Goal of the exercise >> Write again exactly the lines in the listing below, starting at the line with "Fig 2 – Severe" and ending at the line with "Photo: IRmadillo instrument", both included. Pictures are not copied.

Data provided >>
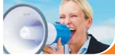
what people say about us
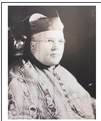
Dennis Cardinal Dougherty
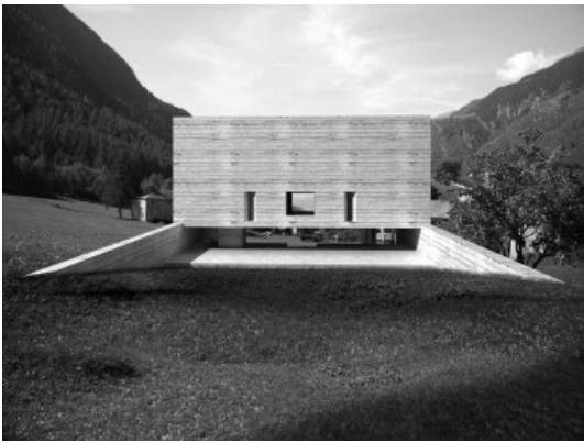
PROJECT BY XIONG SUN: VIEW TOWARDS THE VALLEY.
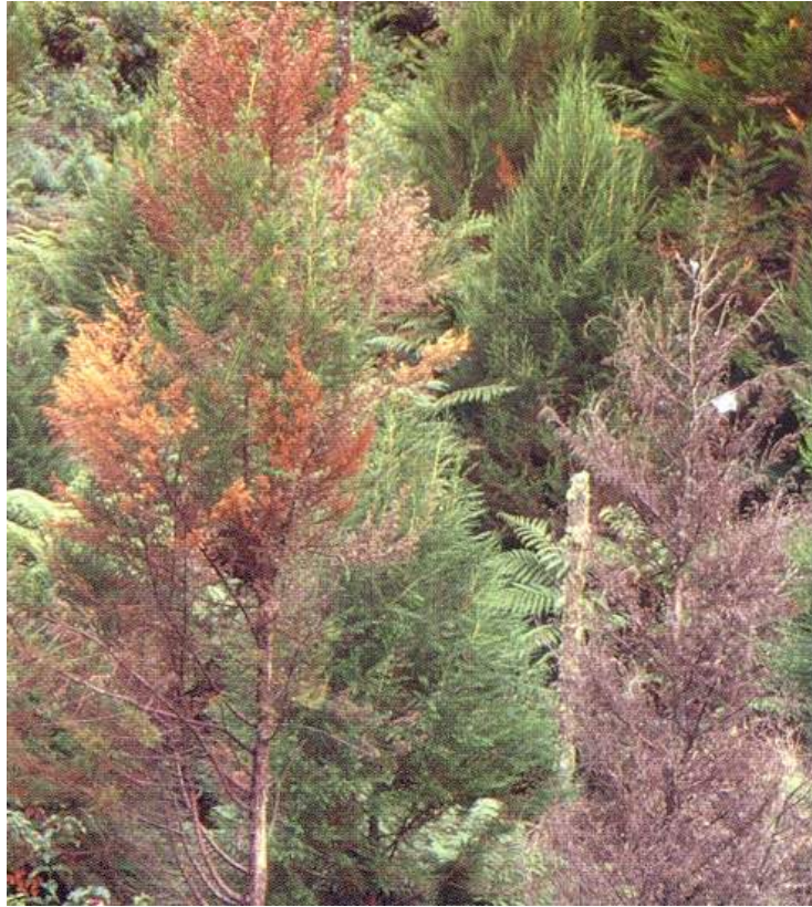
Fig 2 – Severe disease in a young Cupressus macrocarpa woodlot.
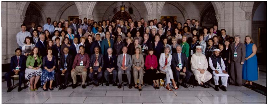
International delegates to the 24th Annual Conference of Library and Research Services to Parliamentarians.

As the library continues to add to its collection and to the professional development of its staff members, I look forward to the dynamic future of the Legislative Library of Prince Edward Island.
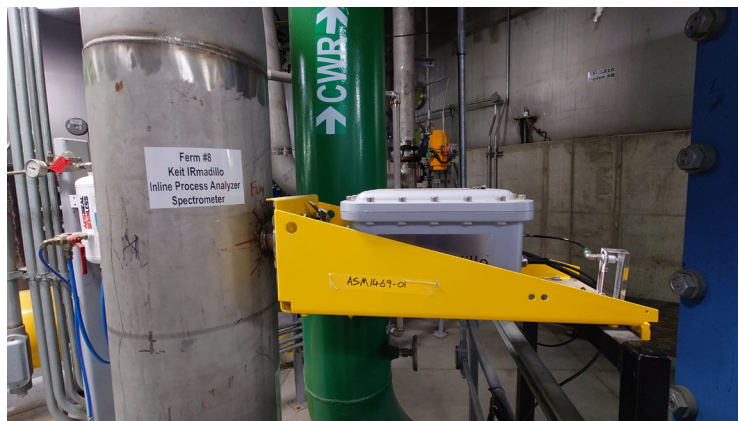
Photo: IRmadillo instrument installed in a recirculation line

This work has shown that the IRmadillo spectrometer is easy to install into a recirculation line on the fermenter, and can be calibrated to become a continuous, in situ and real-time nitrogen meter (along with a real-time HPLC style meter). The measurement of FAN in particular could prevent failed or sub-par batches, where there is a clear relationship between low FAN and low ethanol output – something that would not have been evident in glycerol measurements until much later. The return on investment for the IRmadillo could potentially have been obtained in that single batch – let alone any future issues.
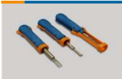
Insertion & Extraction Tools(13)
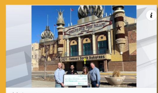
dakotanewsnow.com Mitchell's $1,000 relocation initiative receives additional funding after successful launch
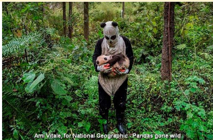
Ami Vitale, for National Geographic - Pandas gone wild
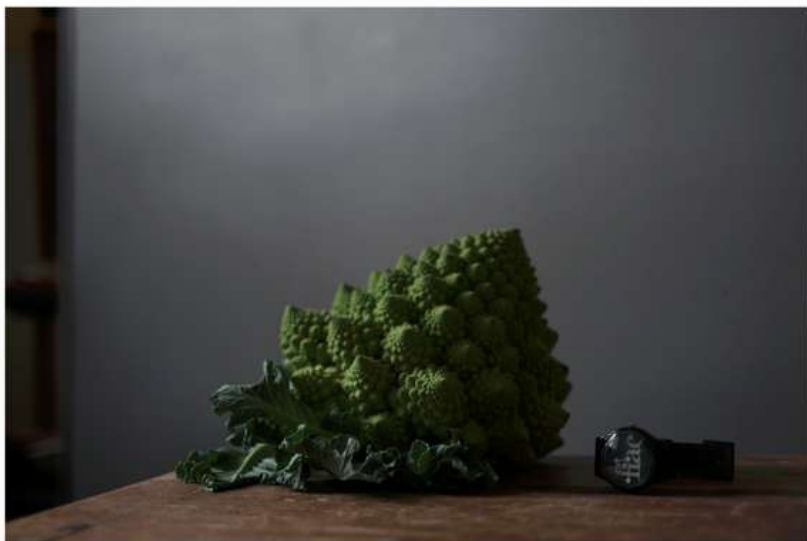
still, 2020 et 2022 Prints by Fine art ultra mat, show frame 11,8 x 15,7 each
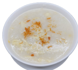
瑤柱腐竹白果粥 Dried Scallop, Ginkgo, and Yuba Congee $14.50
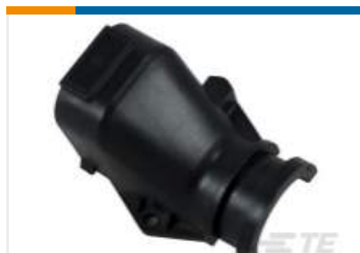
TE Part #776463-1 STRAIN RELIEF, 35 POSITION AMPSEAL
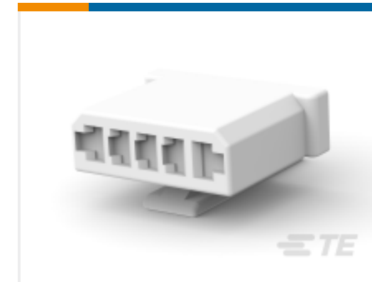
TE Part # 880192-2 5 WAY FF 110 HSG REC NYLON 66 NATURAL
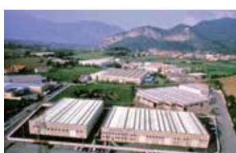
FLOATEX ITALY www.floatex.com
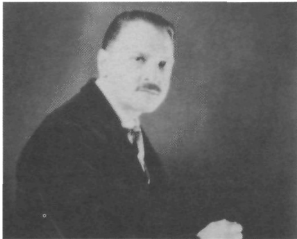
Somerset Maugham-MI6 special agent to Kerensky.
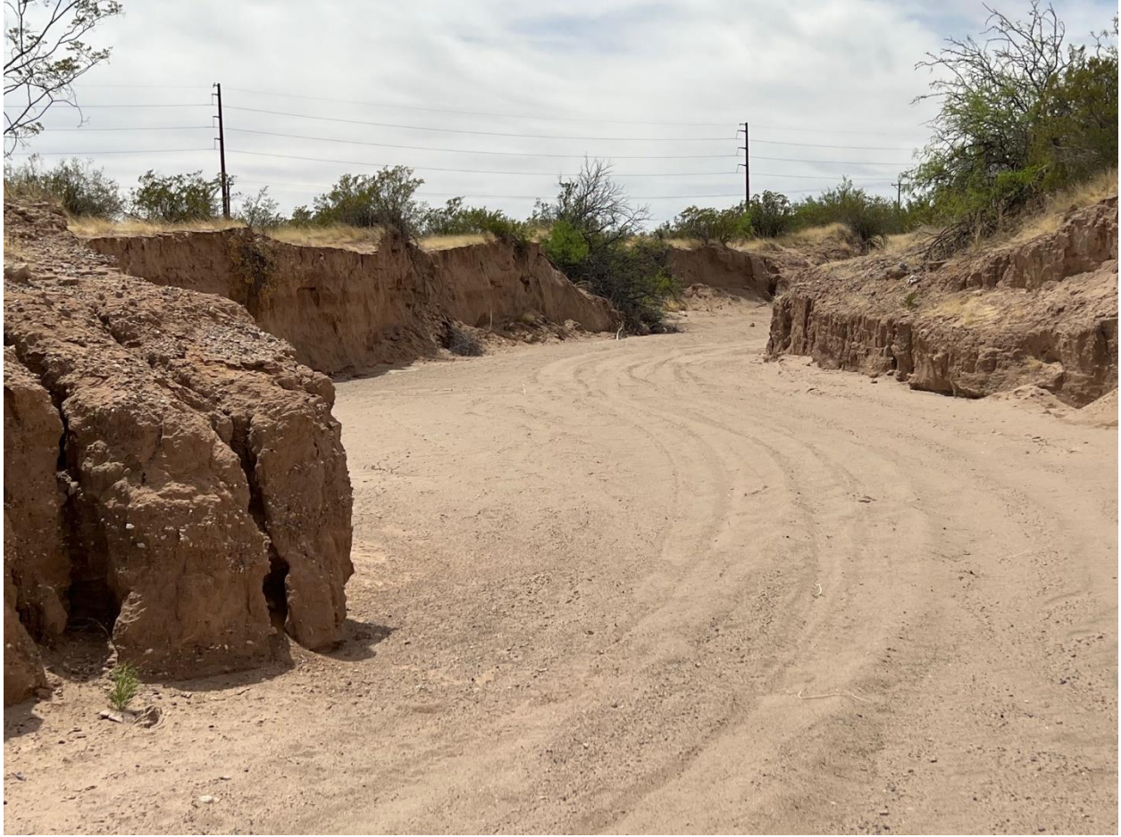
Photo 3 Arroyo 2 West of the Verde Development
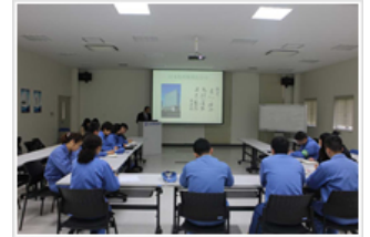
Training at a Group company in China

The Nippon Kayaku Group provides training and calls on each workplace to establish an action plan in order to instill and foster greater awareness of compliance among its employees. In turn, specific compliance related activities are carried out at each workplace. The results of these activities carried out throughout each fiscal year are evaluated and then utilized in continuous efforts to educate employees about the importance of compliance.
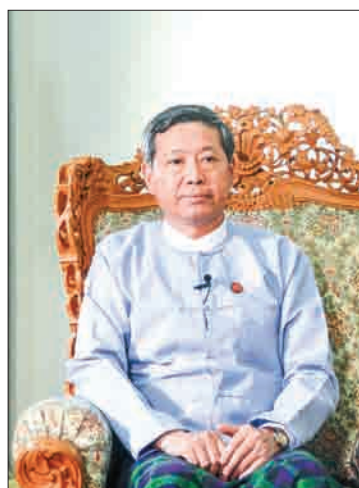
Union Minister Dr. Myo Thein Gyi.
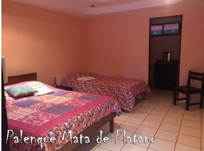
Palenque Mata de Platano

Finca Galán is an ecological farm, which has started offering lodging to selected travelers who enjoy authentic life-changing experiences. Accommodation is in a 3-bedroom/ 2-bathroom bungalow house perched on a mountain slope at the basin of Cerro Galán on the Turrubares Mountains. There is one bedroom with two bunk beds, one with twin single beds, and one with a double bed. Water is brought to the house by gravity directly from a private natural spring source. Cooking is done by gas stove and evening are candlelit. The area is so peaceful and quiet that the only sounds in the morning will be the dozens of singing birds that eagerly await for the first rays of lights at dusk and go to be at night with candles and at the sounds of the tropical forest.
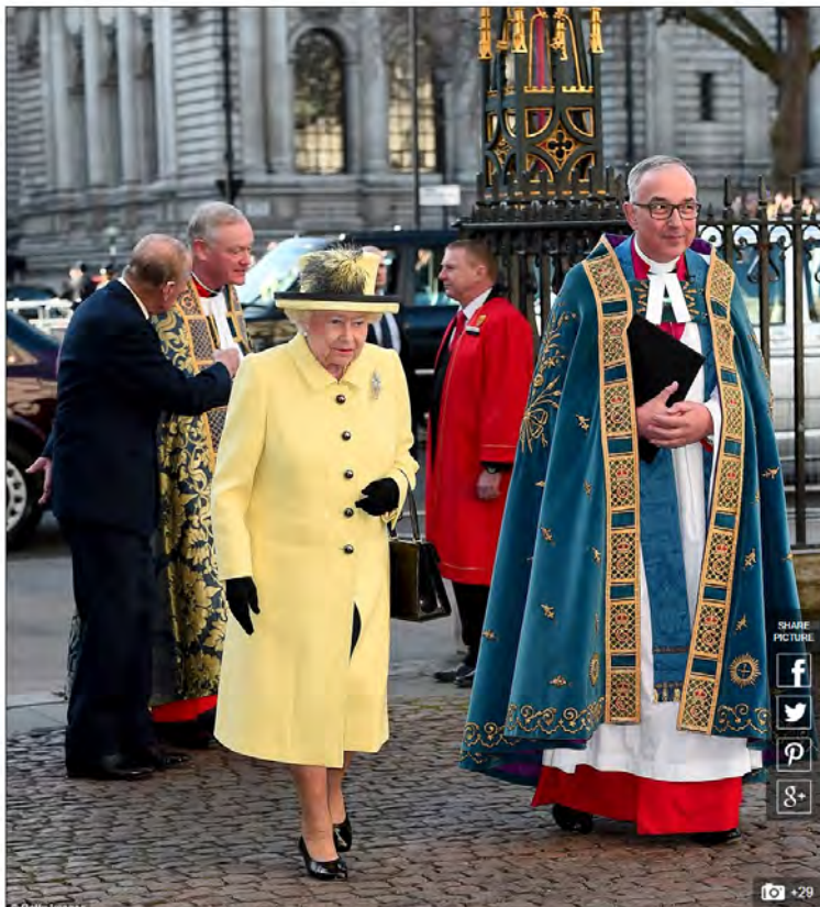
The Queen and Duke of Edinburgh arriving at the annual Commonwealth Day service and reception

'Working together, we build peace by defending the dignity of every individual and community.'
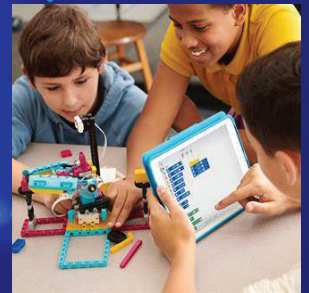
Advanced LEGO with Spike

Please go to our website for prices and options. GreaterMilwaukee.ClubSciKidz.com
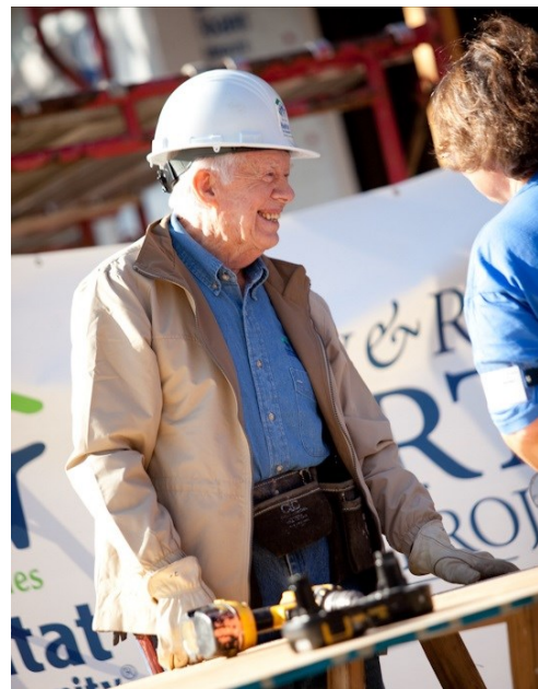
President Carter at the 2010 Jimmy and Rosalynn Carter Work Project in Minneapolis/St. Paul, 2010.
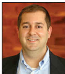
Hyleme George Black & Veatch
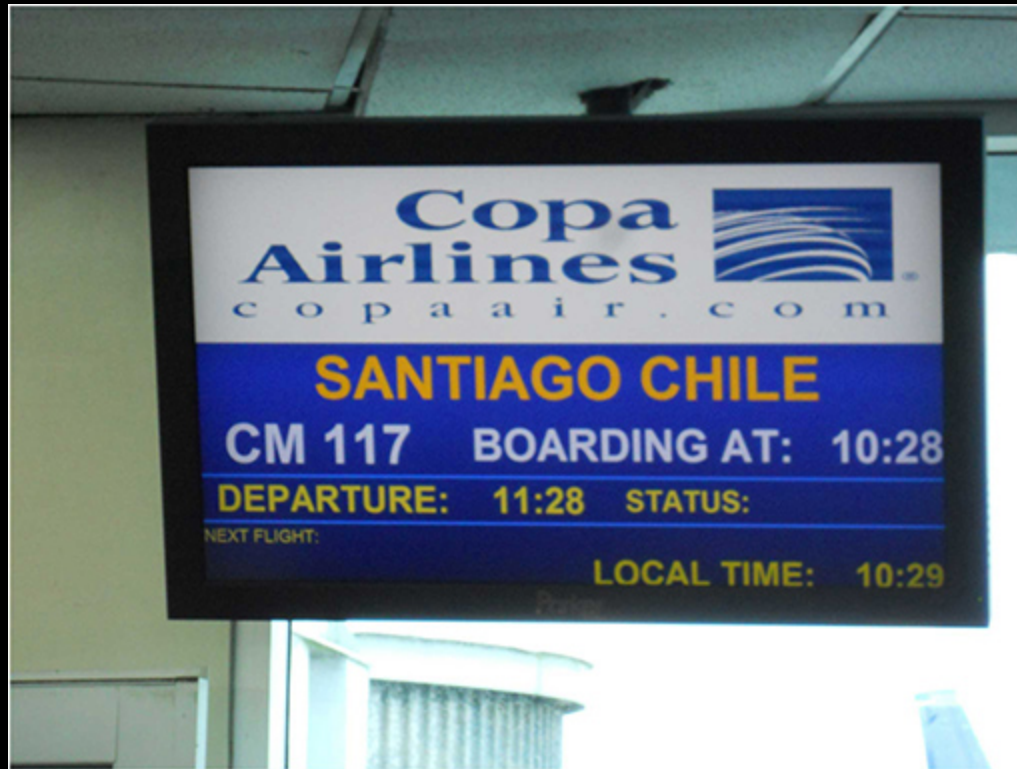
From Miami to Santiago via Copa Airlines
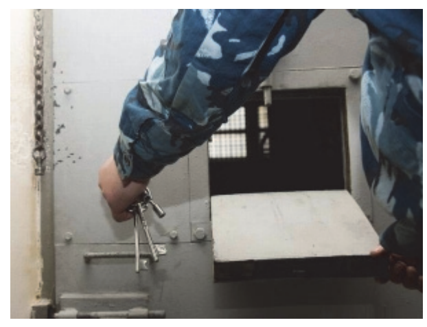
A guard in a solitary confinement block at an unidentified prison in Uzbekistan. Prisoners in solitary confinement in Uzbekistan's prisons experience cramped cells without bedding—some in total darkness, others with permanent bright lights.

International standards state that "punishment by placing [the prisoner] in a dark cell, and all cruel, inhuman or degrading punishments shall be completely prohibited."<sup>364</sup> Experts have concluded that prolonged
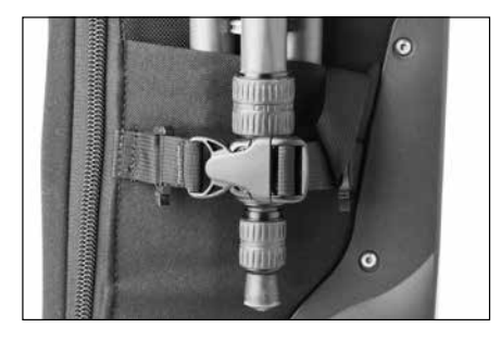
Step 2: Place two tripod legs into the expandable pocket on the side of the bag and use the compression strap to secure the lower portion of the tripod to the side of the bag. Pull the buckle straps on both the Compression Strap and Tripod Strap to tighten the tripod onto the side of the bag.

Written reply >>
Fig 2 – Severe disease in a young Cupressus macrocarpa woodlot.
International delegates to the 24th Annual Conference of Library and Research Services to Parliamentarians.

As the library continues to add to its collection and to the professional development of its staff members, I look forward to the dynamic future of the Legislative Library of Prince Edward Island.
Photo: IRmadillo instrument installed in a recirculation line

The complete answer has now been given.